I have three questions about this that I cannot answer myself:
Hi,
I'm using Go in our startup project for about 7 months now.
The majority of my day job programming so far has been in Erlang.
Comparing the two environments, the one thing I keep thinking about
is the handling of runtime panics. In Erlang, processes are first class
objects that can monitor each other and behave appropriately when
a monitored/linked process crashes (commit suicide, restart the crashed process,
log something, etc.). This facility is at the core of Erlang's bespoke suitability
for systems that 'cannot fail'.
In Go, since goroutines are invisible (except in stack dumps), no such thing
exists. This is a design decision, the apparent reason being that code should
not assume which goroutine it is running in. This decision result in several kinds
of failures that can happen (and do happen in my code, at least during development).
- Goroutine leaks are easy to produce and hard to find. Given that the
only way to actually 'see' groutines is panicking, a recommended debugging
technique is to put panic("show me the stacks") somewhere into the program
during development.
- A panicking goroutine can bring down the whole process, unless panics are
recovered.
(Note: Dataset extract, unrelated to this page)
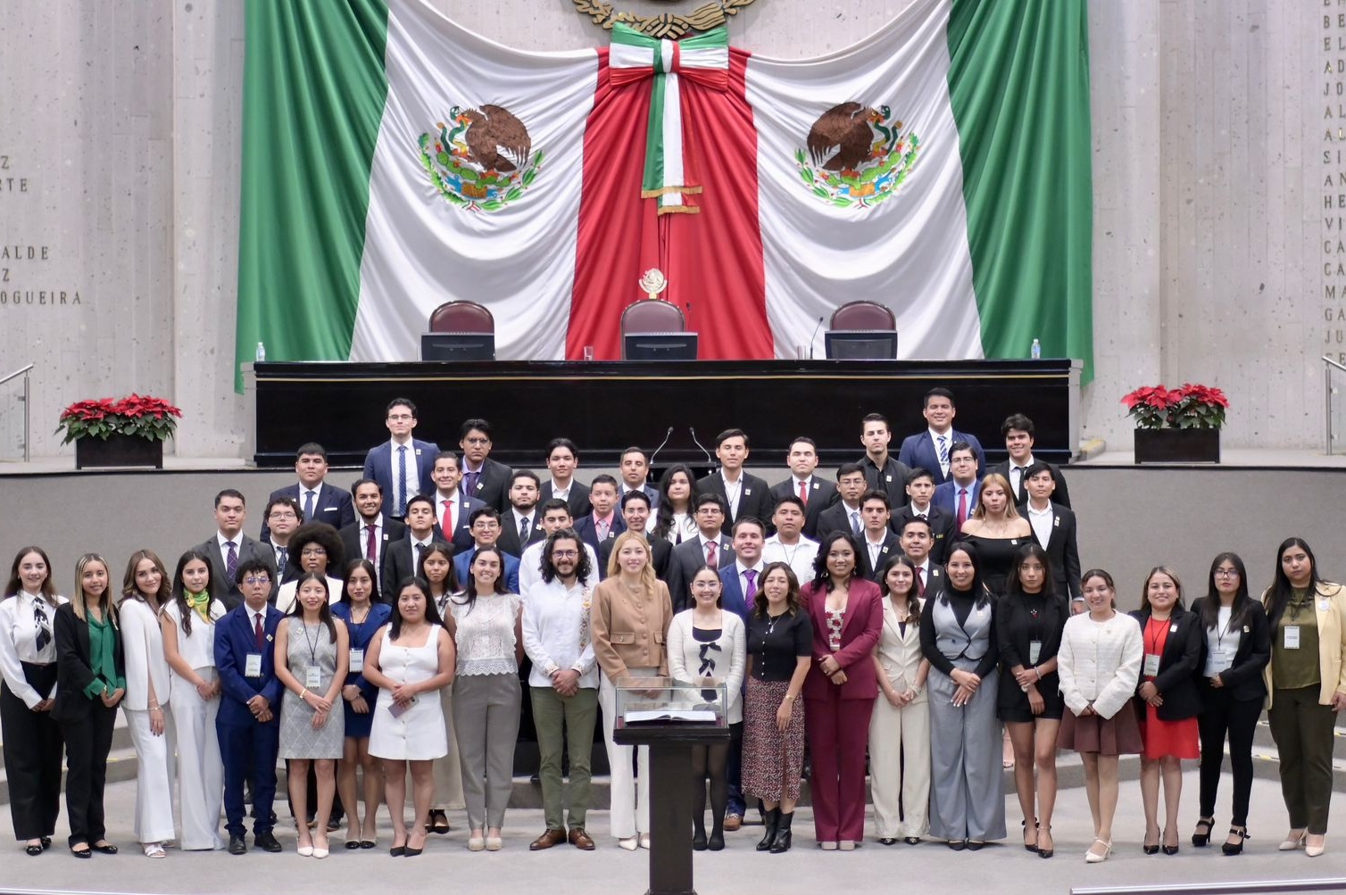 También a Getsemaní Rodríguez Barradas, Axel Jael Romero Guerra, Romina Santos Hernández, Karla Sebastián Gabriel, Elías Habid Soto Macín, Felipe de Jesús Tecalco Jáuregui, Yanelle Tshiboyi, Ari Jafet Velasco Castillo y a Luis Alexei Vidal Colunga, quienes desde la tribuna presentaron sus propuestas, como también lo hicieron el y las integrantes de la Mesa Directiva.

However, recover is local to a specific goroutine and thus cannot
prevent crashes in all cases. This too is by design.
Following go tip, I have seen a discussion where the runtime will raise
unrecoverable panics in some situations.
I have three questions about this that I cannot answer myself:
- Is it true that panics not supposed to happen, ever, in a production program?
I know that panic/recover are used by the json decoder to make its internal
error handling simpler. I'm not talking about those uses.
- Is it worthwhile to wrap certain goroutines with recover simply because
I suspect that the code that they run might be subtly wrong? net/http does this ;)
Since that code might create new goroutines that do not recover, I feel like
I'm risking a crash all the time.
- How do others deal with runtime panics in production? I watched Peter Bourgons
talk at GopherCon where he spoke about production issues, but panics were
not mentioned at all!
Please help me find reasonable answers to those questions.
- I know that it is possible to make the runtime raise SIGABRT on panic with
GOTRACEBACK=crash, but that doesn't help very much given that gdb still
doesn't work very well for debugging go programs, especially from a core dump
(it's seems to be impossible to display the stack of a specific goroutine from a core dump,
at least for non-wizards).
- Goroutine leaks are easy to produce and hard to find. Given that the
only way to actually 'see' groutines is panicking, a recommended debugging
technique is to put panic("show me the stacks") somewhere into the program
during development.
- A panicking goroutine can bring down the whole process, unless panics are
recovered. However, recover is local to a specific goroutine and thus cannot
prevent crashes in all cases. This too is by design.
Following go tip, I have seen a discussion where the runtime will raise
unrecoverable panics in some situations.
I have three questions about this that I cannot answer myself:
- Is it true that panics not supposed to happen, ever, in a production program?
How do others deal with runtime panics in production? I watched Peter
Bourgons
talk at GopherCon where he spoke about production issues, but panics were
not mentioned at all!In the general case, production code should never use panic to
indicate anything other than unrecoverable error.
You're misreading the question, That's kind of my fault because
I didn't phrase it well enough.
Let's face it: panics do happen, also in production code. In Go, any panic
(be it from a call the built in function panic, or e.g. a nil pointer deref) will
kill the operating system process. What I'm asking about would be tips/experiences
around handling that case. I could be asking this question on a sysadmin mailing
list, it's not specific to Go. I'm asking on golang-nuts because Go does some things
that e.g. C programs don't do:
How do you handle that in production? This is mostly about tooling around
Go programs...
With Erlang, when a lightweight process (= goroutine) crashes, a detailed crash
report is sent to the VM-wide error logger. The report includes the stacktrace, the
process state (for OTP servers) and some memory statistics. The error logger
can be extended to send this somewhere else.
net/http does this too. In Go 1.3, it even includes a way to set the log output
accept error messages and handler panic dumps.
> How do others deal with runtime panics in production? I watched Peter
> Bourgons
> talk at GopherCon where he spoke about production issues, but panics were
> not mentioned at all!
In the general case, production code should never use panic to
indicate anything other than unrecoverable error.